Son rôle, en concertation étroite avec le médecin en charge du patient, est de Contrôler les foyers infectieux intra buccaux et prévenir leur dissémination systémique.
- Définition:
Les patients immunodéprimés présentent un dysfonctionnement d’un ouPlusieurs éléments du système immunitaire
- Le système immunitaire est composé d’un ensemble de cellules Lymphocytes, polynucléaires, monocytes et macrophages); c’est L’immunité cellulaire et de molécules (cytokine et complément) c’est l’immunité humorale,
- Dont le rôle est d’assurer l’intégrité de l’organisme en le protégeant contre les substances étrangères ou les agents infectieux auquel il est exposé
- Les déficits immunitaires peuvent toucher l’immunité cellulaire ou l’immunité humorale.
- Etiologie :
2.1- l’immunodépression primitive:
Il s’agit de maladies héréditaires rares, causées par une anomalie génétique pouvant altérer la maturation lymphocytaire, entraîner un déficit quantitatif ou qualitatif des cellules phagocytaires ou, enfin, entraîner un déficit en complément.

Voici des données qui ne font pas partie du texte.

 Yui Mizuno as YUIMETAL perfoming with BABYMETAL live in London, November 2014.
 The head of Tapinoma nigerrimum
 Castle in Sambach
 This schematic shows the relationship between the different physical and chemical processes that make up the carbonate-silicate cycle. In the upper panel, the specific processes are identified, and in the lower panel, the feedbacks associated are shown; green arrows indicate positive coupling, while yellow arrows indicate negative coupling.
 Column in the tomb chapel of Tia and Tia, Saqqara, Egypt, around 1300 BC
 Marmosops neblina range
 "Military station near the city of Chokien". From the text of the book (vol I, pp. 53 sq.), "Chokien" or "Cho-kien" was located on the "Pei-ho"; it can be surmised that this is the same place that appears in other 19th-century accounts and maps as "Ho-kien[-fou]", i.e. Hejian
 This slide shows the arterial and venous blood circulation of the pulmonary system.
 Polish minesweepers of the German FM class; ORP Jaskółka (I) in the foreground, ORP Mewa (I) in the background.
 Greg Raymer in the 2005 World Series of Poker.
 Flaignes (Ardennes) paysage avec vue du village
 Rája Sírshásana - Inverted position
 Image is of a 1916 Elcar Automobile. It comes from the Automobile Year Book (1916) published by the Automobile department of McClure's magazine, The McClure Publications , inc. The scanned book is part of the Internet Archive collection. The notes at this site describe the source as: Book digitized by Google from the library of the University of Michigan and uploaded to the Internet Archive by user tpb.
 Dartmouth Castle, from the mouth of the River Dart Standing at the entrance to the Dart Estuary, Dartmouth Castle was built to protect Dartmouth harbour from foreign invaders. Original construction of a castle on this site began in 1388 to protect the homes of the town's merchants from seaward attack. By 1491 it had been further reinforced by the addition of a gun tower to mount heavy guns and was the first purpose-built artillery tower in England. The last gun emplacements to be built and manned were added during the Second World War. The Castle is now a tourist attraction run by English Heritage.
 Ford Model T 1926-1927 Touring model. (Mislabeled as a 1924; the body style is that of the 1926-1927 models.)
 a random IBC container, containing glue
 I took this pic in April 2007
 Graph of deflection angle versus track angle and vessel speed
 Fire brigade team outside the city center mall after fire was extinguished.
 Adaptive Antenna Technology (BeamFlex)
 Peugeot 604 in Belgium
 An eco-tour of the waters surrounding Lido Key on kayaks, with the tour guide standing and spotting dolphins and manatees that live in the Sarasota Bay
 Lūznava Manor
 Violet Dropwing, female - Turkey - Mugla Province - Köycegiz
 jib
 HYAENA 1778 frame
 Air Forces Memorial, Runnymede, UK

2.2. L’immunodépression secondaire:
Les déficits immunitaires secondaires sont nombreux. Ils sont dus à des facteurs environnementaux, comportementaux et médicaux entraînant un affaiblissement progressif de l’immunité.
- Le VIH (virus de l’immunodéficience humaine responsable du SIDA : Syndrome d’immunodéficience acquise) est un facteur connu et reconnu D’immunodépression. Le virus entraîne la diminution du nombre de lymphocytes, cellules essentielles du système immunitaire..
- La malnutrition (et plus spécifiquement la sous-nutrition) entraîne le dysfonctionnement de certaines cellules à cause d’un apport trop faible des composants nécessaires à leur bon fonctionnement.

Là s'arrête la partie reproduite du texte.